Camp de rééducation perdu en pleine jungle à cent cinquante kilomètres au
nord de Saigon. L’homme est assis, résigné et craintif. Dans ses yeux éper-
dus, la tension, la méfiance. Une méfiance qui semble un appel de détresse.
« Ni Soviétique, ni communiste, Français et journaliste. » La présentation
sommaire, sous forme d’un rituel à peine déguisé, estompe quelque peu ses
craintes. « J’étais chirurgien-dentiste à Saigon. Je n’avais jamais combattu.
On m’a fait endosser un treillis et on m’a donné une arme au dernier
moment. Les bôdoïs [fantassins de l’armée nationale vietnamienne] étaient
aux portes de la ville. J’ai été fait prisonnier avant d’avoir tiré un coup de
fusil. Je suis ici depuis quatre ans… »
Par la fenêtre de la case, j’aperçois le groupe des autorités du camp faire
les cent pas. On leur a demandé de sortir. Exigence à laquelle nos sbi-
res ont cédé non sans réticence. Ils attendent, impatients, le regard rivé
sur notre paillote. Il faut faire vite pour ne pas attiser leur suspicion. La
sueur perlant sur le front mais rendu plus en confiance, notre « homme
nouveau » confie à voix basse : « Ils appellent ça un camp de rééducation.
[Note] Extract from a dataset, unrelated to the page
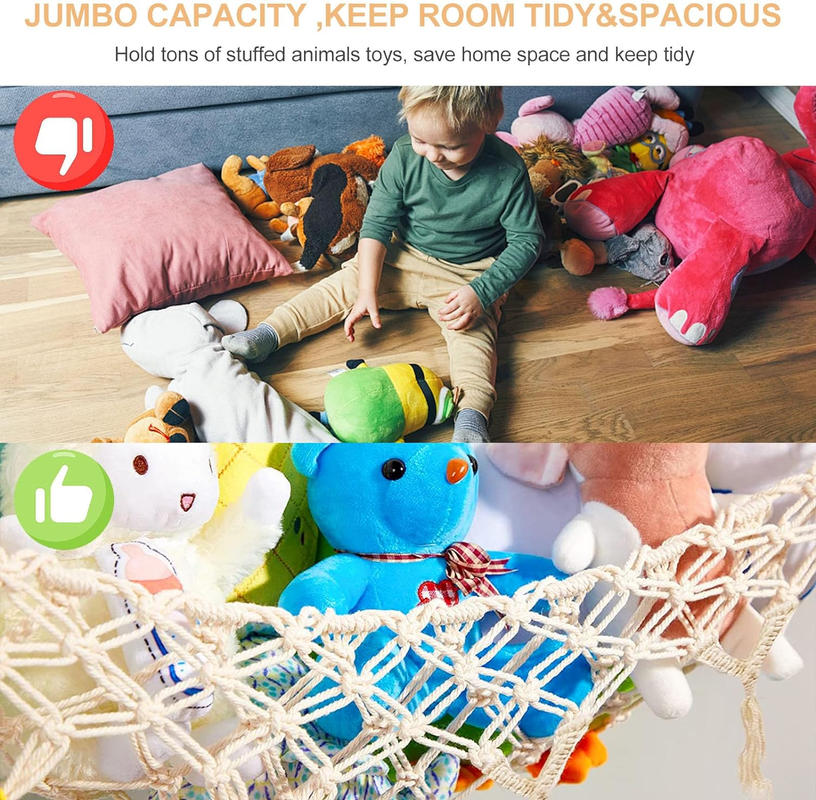 Grande capacité et grand espace : boucles de suspension plus respectueuses de l'environnement et plus stables, robustes et faciles d'entretien. Lit suspendu pour enfants : ce filet suspendu pour jouets pour enfants est composé d'un motif tissé simple, d'une corde en coton de haute qualité et d'un artisanat traditionnel tissé à la main pour plus de durabilité. Le hamac à jouets pour animaux en peluche ne se détache pas avec le temps et ne change pas de forme, ce qui est respectueux de l'environnement, sûr et durable HAMAC FILET JOUET Ursaring Plush Rangement D'angle Pour Jouets EUR 13... Ce hamac pour animaux en peluche peut être étendu jusqu'à 100 x 106 cm, de sorte qu'il peut contenir plus de jouets en peluche et ranger les jouets de votre enfant de manière ordonnée. Hamac Pour Animaux En Peluche, Rangement D'animaux En Peluche, Filet De Rangement Mural En Macramé Le hamac pour jouets suspendus est facile à installer, clouez les crochets et les ancrages muraux dans le coin de la pièce à la largeur souhaitée, accrochez le filet et vous êtes prêt à partir. Rangement de jouets multifonction : brisez le type traditionnel de rangement des jouets au sol (boîte de rangement pour jouets), économisez de l'espace au sol. Filet Tissé Main Pompons Perles Hamac De Rangement Pour Animaux En Peluche, Filet De Rangement Pour Jouets En Peluche, Peluches, Organisateur Pour Chambre D'enfant, Salle De Jeux, Maternelle, Montage Mural, Décoration De Style Hamac Peluches Murale Bohème Pas facile à desserrer ou à déformer, offre une solution sûre et durable pour ranger les jouets. com est la meilleure idée pour ranger les peluches. Si vous n'avez qu'un petit espace, vous devriez essayer ce type de rangement de jouets.

Ne vous fiez pas à ce que l’on vous a dit ou montré. Ici, c’est un camp de
concentration, régime de travaux forcés où la torture existe. J’ai été battu
plusieurs fois… [Il montre des stigmates sur son corps.] Beaucoup de mes
camarades sont morts d’épuisement… » La caméra reste à mes pieds. Il n’y
aura pas d’enregistrement. Avant de nous quitter, une version officielle est
convenue entre nous dans l’espoir de lui éviter d’éventuelles représailles
par ses geôliers. Vaine illusion ? On se quitte. L’entretien a duré tout juste
quatre minutes. Depuis, je me demande souvent ce que cet homme est
devenu. Je ne connais même pas son nom. Juste une photo.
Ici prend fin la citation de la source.